We kept walking and then found the Place du Vieux-Marché, where Jeanne d'Arc met her untimely fate. They have a garden at the actual site where she was burned, and the rest of the square is made up of the foundations of the church that was there at the time of her death, and the new, modern church that was built to honor her after she was canonized (the Eglise Jeanne d'Arc). We found a Tex-Mex place to eat lunch, and to hide out from the intermittent rain showers!
After lunch, we walked around a lot, since everything in Rouen closes between 12 and 2. After a lot of walking and another church or two, we found le Musée des Antiquités, a museum of Normandy artifacts dating from Gallo-Roman times all the way to the Renaissance.
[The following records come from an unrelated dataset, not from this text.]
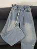 Jeans American Street com Cintura Elástica Masculino Marca Moderna Solto High Street Calças Retas Verão Casual Calças de Perna Larga Roupa Masculina
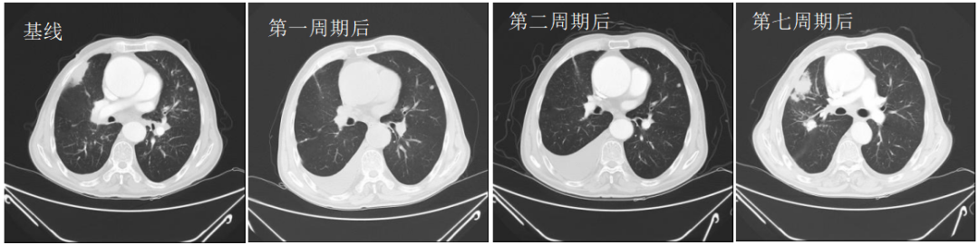 2022-05-19(第7周期治疗后)胸部CT:右肺占位复查,较前稍增大;纵隔及右肺门肿大淋巴结,大部分较前增大,双侧胸腔积液,两肺多个结节,考虑转移可能性大。2022-05-26完善CT引导下肺穿刺活检,病理为治疗后肿瘤性坏死,疗效综合评估:SD。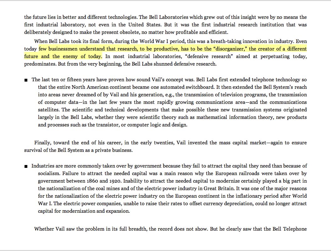 “Few businessmen understand that research, to be productive, has to be the ‘disorganizer,’ the creator of a different future and [as such] the enemy of today.”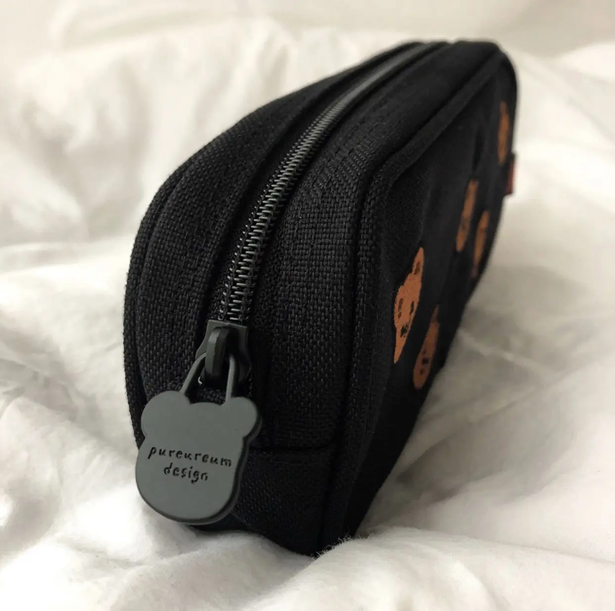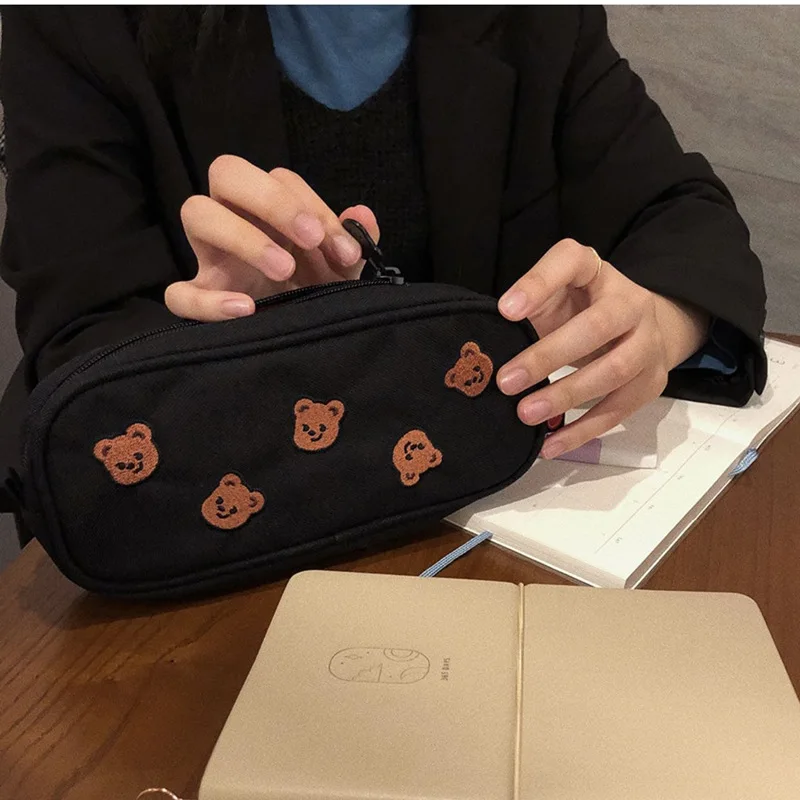 Кавайный мультяшный медведь сумка для карандашей с вышивкой, Большая вместительная сумка для хранения косметики, корейские Канцтовары, школьные принадлежности

Normandy is an area that jumped back and forth between British and French control a lot, so that was pretty interesting to see. After that, we walked back to the Place du Vieux-Marché and saw the Musée de Jeanne d'Arc, part artifacts and part wax museum. The wax museum part was pretty funny/creepy, actually. I took lots of pictures, lol. Then we visited our third and final museum. Gustav Flaubert, the writer of Madame Bovary, was born in Rouen. There's a museum partially about his life and partially about medical history, and since Megan had really wanted to see a medical history museum in Lille that had been closed, we decided to go. It was kind of gross...the things on display included a calcified fetus, a skeleton of an 8-months fetus, old medical tools and drugs, childbirth diagrams, and dentistry stuff. But just weird enough to be funny!
Oh, and then we ate macaroons! Macaroons are a very big deal in Normandy but they are very different from home...they're actually ten times better, I think. They aren't coconut, they're more like sugary wafers with all different flavors. They were awesome!
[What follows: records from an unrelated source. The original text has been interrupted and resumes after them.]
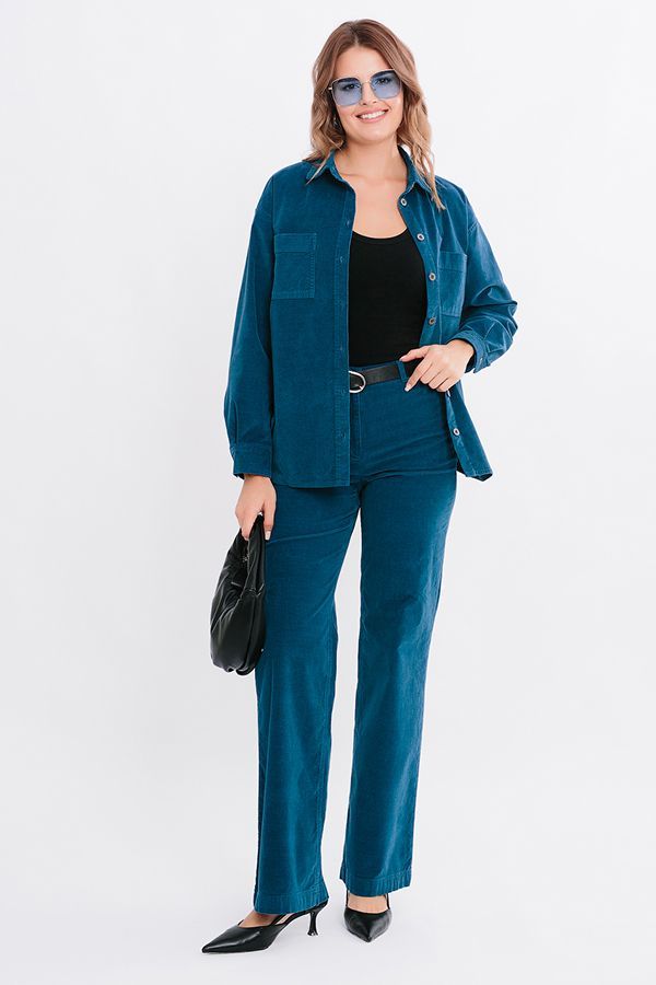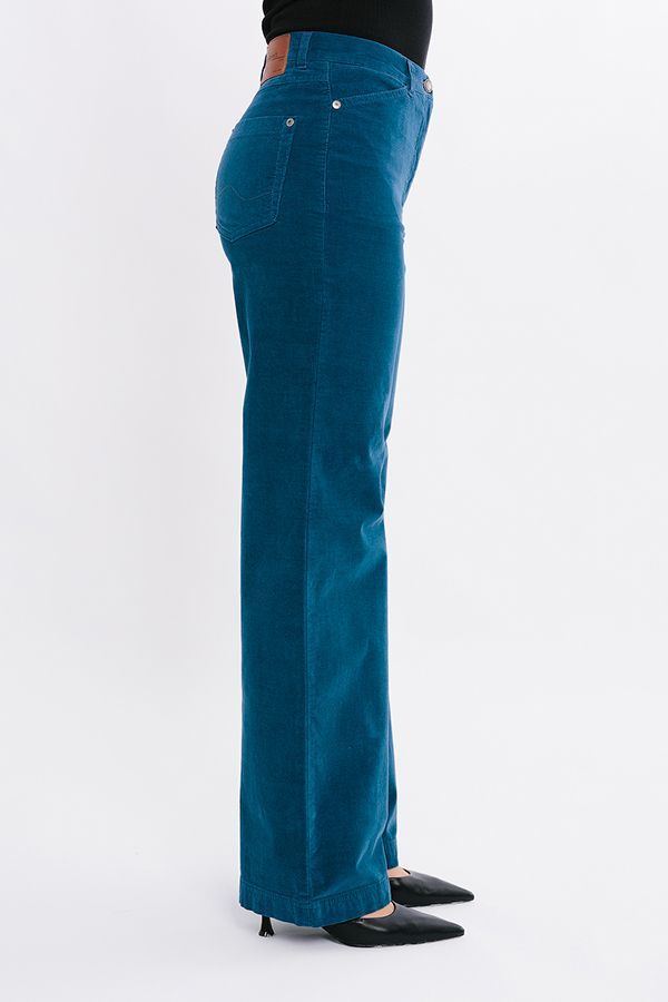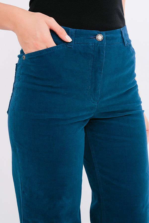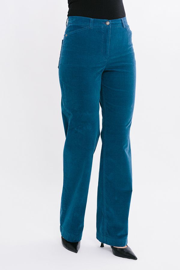 Прямые джинсы из микровельвета. Детали: спереди застежка на болт и молнию, оригинальные боковые карманы с хольнитенами, сзади под кокеткой накладные карманы с фигурной строчкой, на поясе шлевки.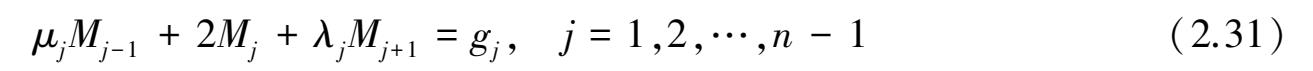 方程组(2.31)称为三弯矩方程。它含有n+1个参数M 0 ,M 1 ,…,M n ,还需要利用前面的任一组边界条件才能完全确定所有参数。例如,给定边界条件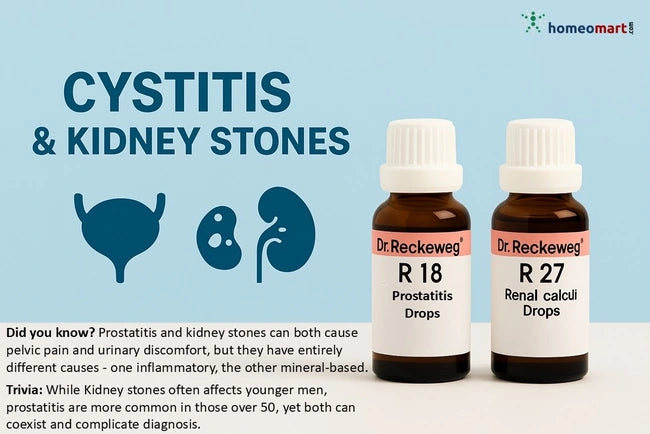 সিস্টাইটিস, প্রোস্টাটাইটিস এবং কিডনিতে পাথর : মায়োক্লিনিক অনুসারে, সিস্টাইটিস কখনও কখনও অন্যান্য অবস্থার জটিলতা হিসাবে দেখা দিতে পারে, যেমন ডায়াবেটিস, কিডনিতে পাথর এবং বর্ধিত প্রোস্টেট। ডাঃ রেকেওয়েগ প্রোস্টাটাইটিসের সময় সিস্টাইটিস রোগীদের জন্য R18+R27 সংমিশ্রণের পরামর্শ দেন R25 +R27।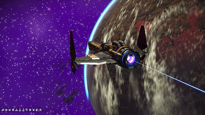 So when I found No Man's Sky it is easy to see how I would get sucked into it. It has the kind of adventure found in two of my favorite games but combined into one. I can explore planets, fly spaceships, upgrade and customize them, and build bases for industry or show.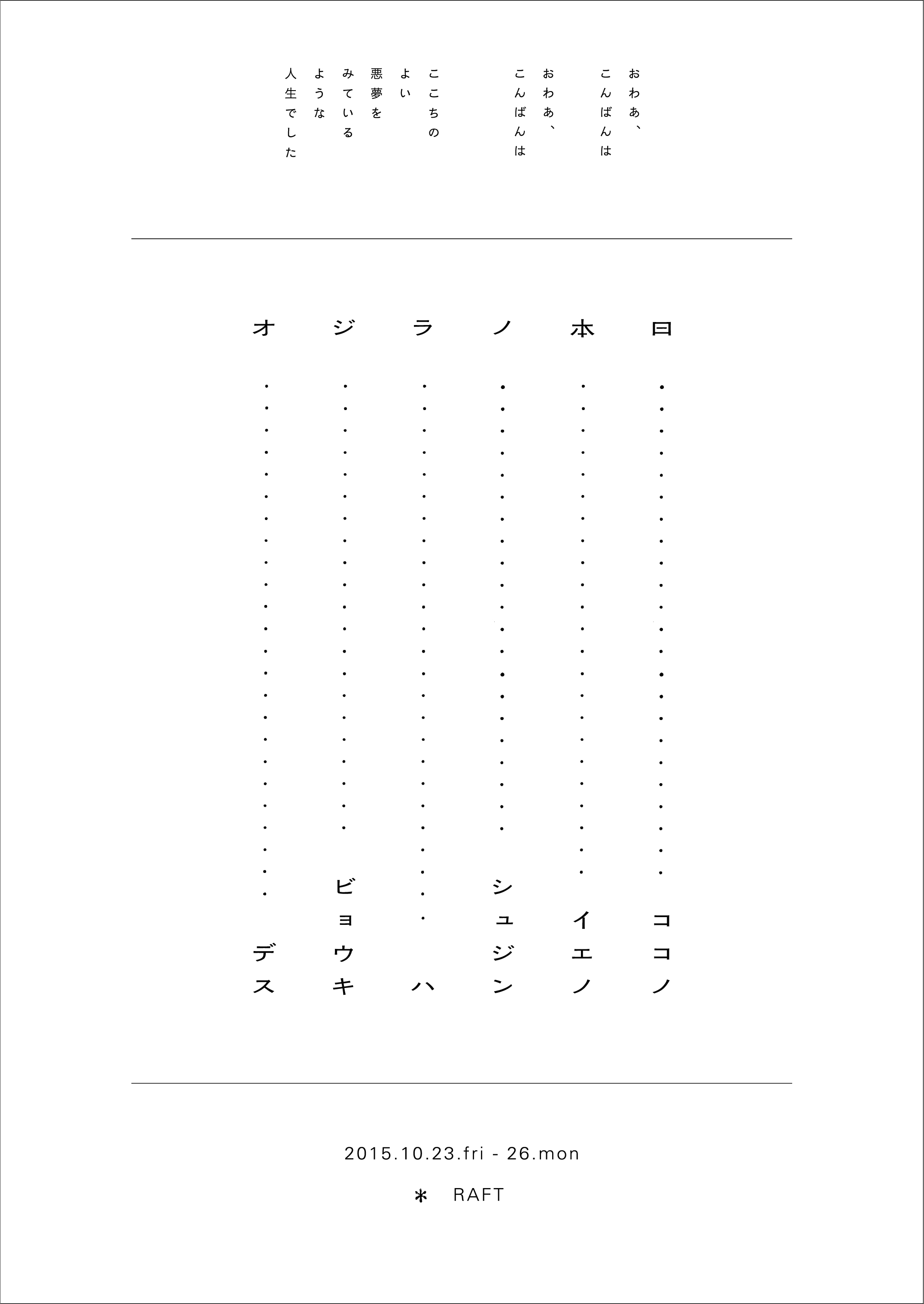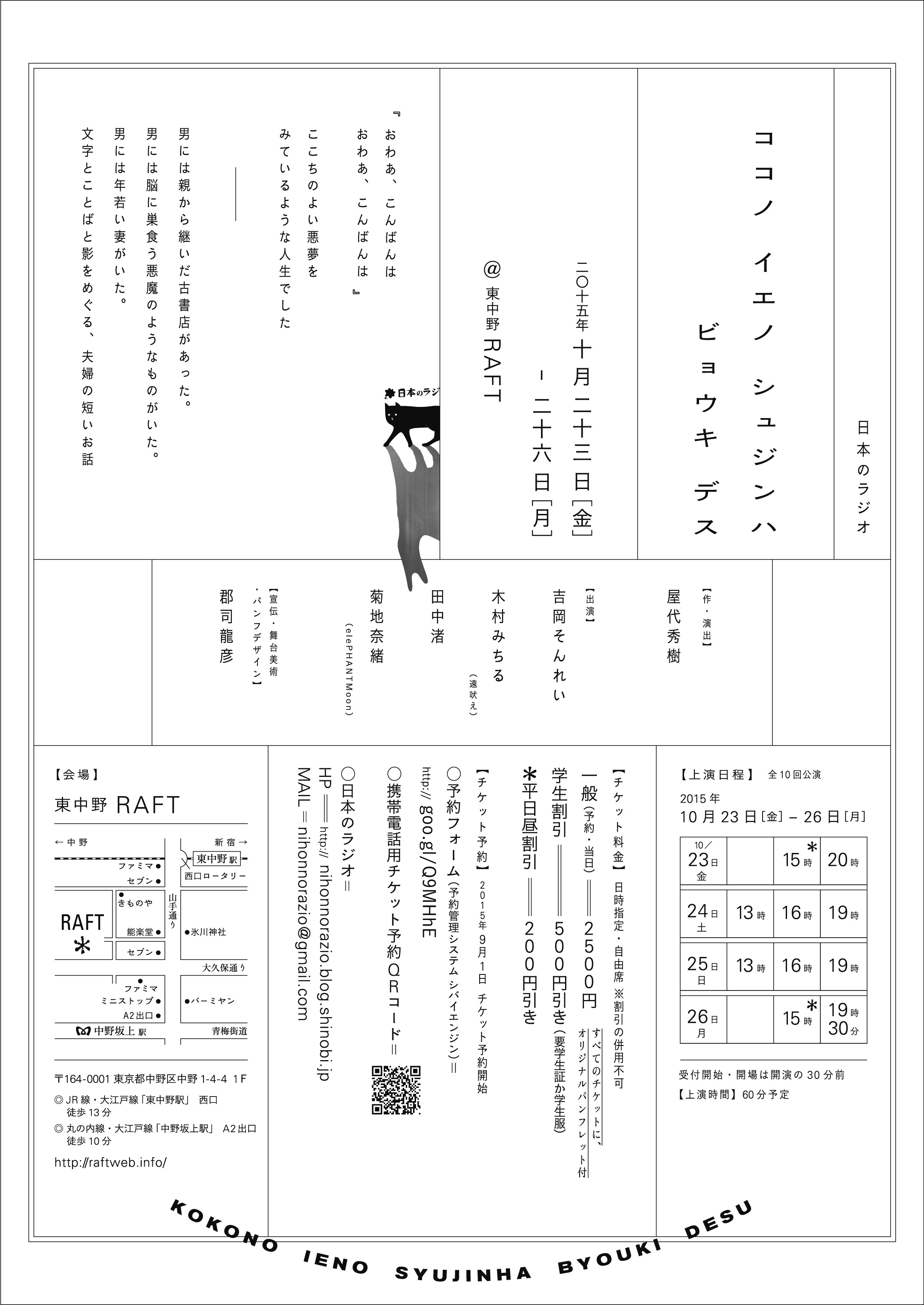 ただワークショップに遊びにきたいだけという方も応募可ですが、誰も集まらないと代表のヤシロが全部一人芝居をやるはめになるので何卒よろしくお願いいたします。

Our train left at 8 so we went searching for a place to eat dinner. However, people in Rouen have very specific hours for food, and at 5:30 we could not find anywhere to eat. We wandered around for quite a while, had a hot chocolate in the train station restaurant, went into a few shops, but still couldn't find anywhere that opened before 7. So we ended up back in the train station restaurant, drinking red wine (to ward off Megan's and my colds) and eating pizza.
I just uploaded all the Rouen pictures online, so check them out! I took a lot of pictures considering we weren't even there 12 hours...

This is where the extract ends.